Additionally, they showed that this technology is suitable for de novo identification of novel enhancer elements using a genomic tiling approach (Korkmaz et al., Nature Biotech. 2016; Elkon et al., Nature Biotech. 2017; Han et al., Genome Biology 2018, Lopes et al., Cancer letters 2018 ). Altogether, the Agami lab paved novel ways to expand the utility of the CRISPR tool to explore in an unbiased manner the functions of the non-coding genome under normal and pathological conditions. A granted subsidy from the Dutch government allows the Agami group to explore this technology further and gain a more comprehensive view of enhancer functions in cancer.
Transcription and translation are two main pillars of gene expression. Due to the different timings, spots of action and mechanisms of regulation, these processes are mainly regarded as distinct and generally uncoupled, despite serving a common purpose. The Agami team suspected a connection between transcription and translation.

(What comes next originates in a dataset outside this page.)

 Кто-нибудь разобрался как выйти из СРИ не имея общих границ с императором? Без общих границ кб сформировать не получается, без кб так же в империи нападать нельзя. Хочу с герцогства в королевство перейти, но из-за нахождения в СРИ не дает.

Interestingly, genome- wide analyses and in vitro experiments supported such a link between the
rate of transcription and the efficacy of translation. Moreover, the group identified m6A modification of mRNAs as a mediator of this connection.

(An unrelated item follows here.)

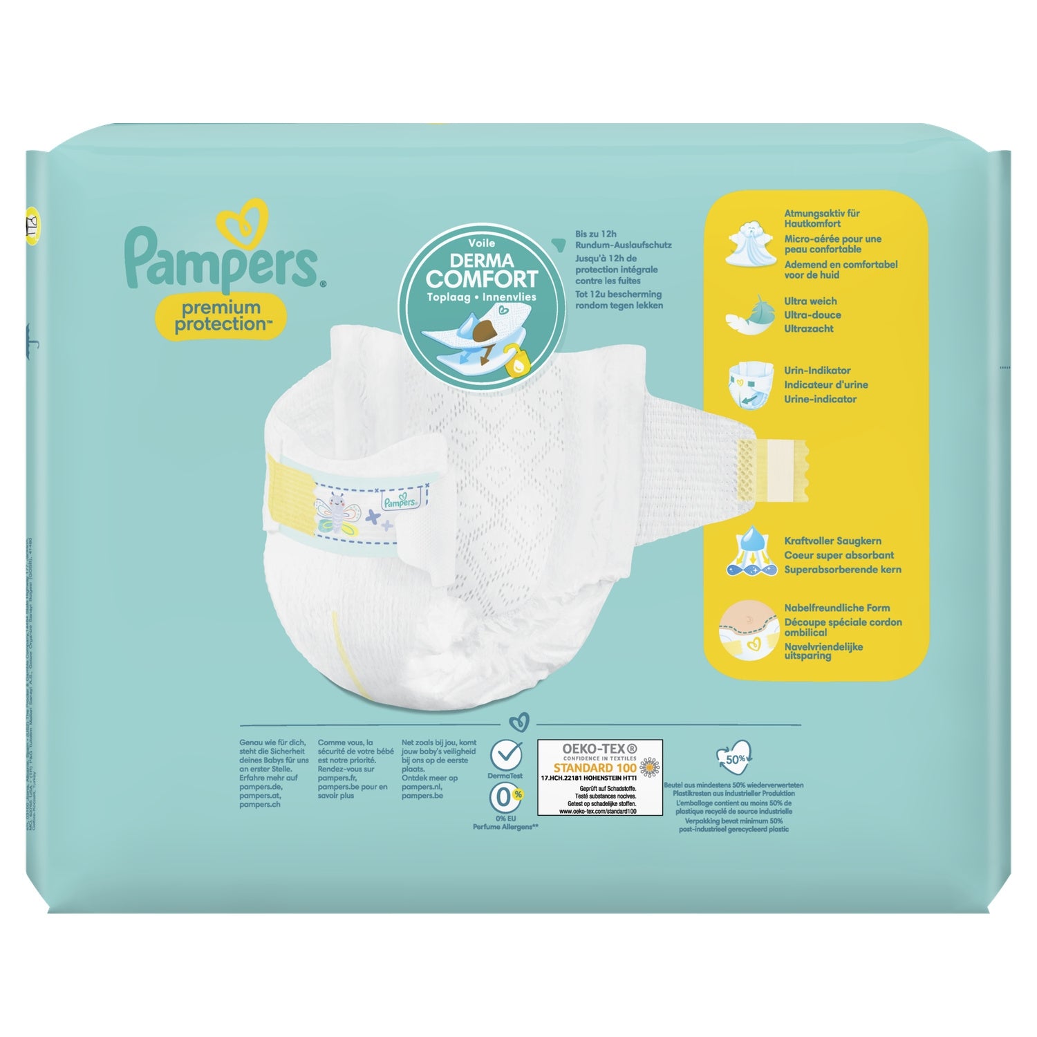 Pampers Nr. 1 Windeln für Komfort und Schutz empfindlicher Haut. Längerer Kontakt mit Nässe und weichem Stuhl kann den Zustand der empfindlichen Haut Ihres Babys beeinträchtigen und zu Unbehagen oder Unruhe bei Ihrem Baby führen. Pampers Premium Protection Windeln sind besonders weich und schützen gleichzeitig die empfindliche Haut Ihres Babys. Dies erreichen sie durch 1) eine einzigartige Dermacomfort-Wabenschicht, die Nässe und weichen Stuhl sofort von der Haut abweist und in der Windel hält. So bleibt die zarte Haut Ihres Babys trocken und geschützt; 2) Millionen von Mini-Ventilen ermöglichen zudem eine freie Luftzirkulation in der Windel, um die Haut trocken zu halten; 3) Bis zu 100 % Auslaufschutz dank eines Dreifach-Schutzsystems, das Flüssigkeit schnell aufsaugt und Auslaufen an Taille und Beinen verhindert; 4) ultraweiche Materialien, die Ihr Baby in eine Wolke aus Komfort und Schutz hüllen. Pampers Premium Protection Windeln, die erste Wahl in Entbindungsstationen in Frankreich*, sind 100 % sicher für die Haut Ihres Babys. Sie sind dermatologisch getestet und enthalten keine von der EU gelisteten Duftallergene.

This study uncovered a general and widespread link between transcription and translation that is governed by epigenetic mRNA modifications (Slobodin et al., Cell 2017).
The ends of most message RNAs (mRNAs) are cleaved and
polyadenylated, a process that is required for mRNA function. Recent discoveries revealed that a large proportion of human genes contain more than one polyadenylation site. Therefore, alternative cleavage and polyadenylation (APA) is a widespread phenomenon that generates mRNAs with alternative 3’ ends.
Potentially, APA generates isoforms differing in their coding and non-coding regions and provides an important regulatory layer of gene expression. However, whether and how APA is regulated was largely unknown.
The Agami lab developed a reporter- based RNAi screen and devised a genome-wide approach to detect 3’- ends of mRNAs. With these tools, they identified the gene PABPN1 as a regulator of APA (Jenal et al., Cell 2012). Interestingly mutations in PABPN1 causes the autosomal dominant oculopharyngeal muscular dystrophy (OPMD).
As predicted from their experiments, indeed the expression of mutant PABPN1 in both a mouse model of OPMD and human cells elicited 3’-UTR shortening, linking for the first time APA with a genetic disease. Additionally, the team explored, on a transcriptome-wide scale, APA events that are associated with cancer and heart disease (Elkon et al., Genome Biol. 2012; Morris et al., Clin. Cancer Res. 2012; Elkon et al., Nature Rev. Genetics 2013; Creemers et al., Circ. Res. 2016; Hoffman et al., PLOS Genet. 2016).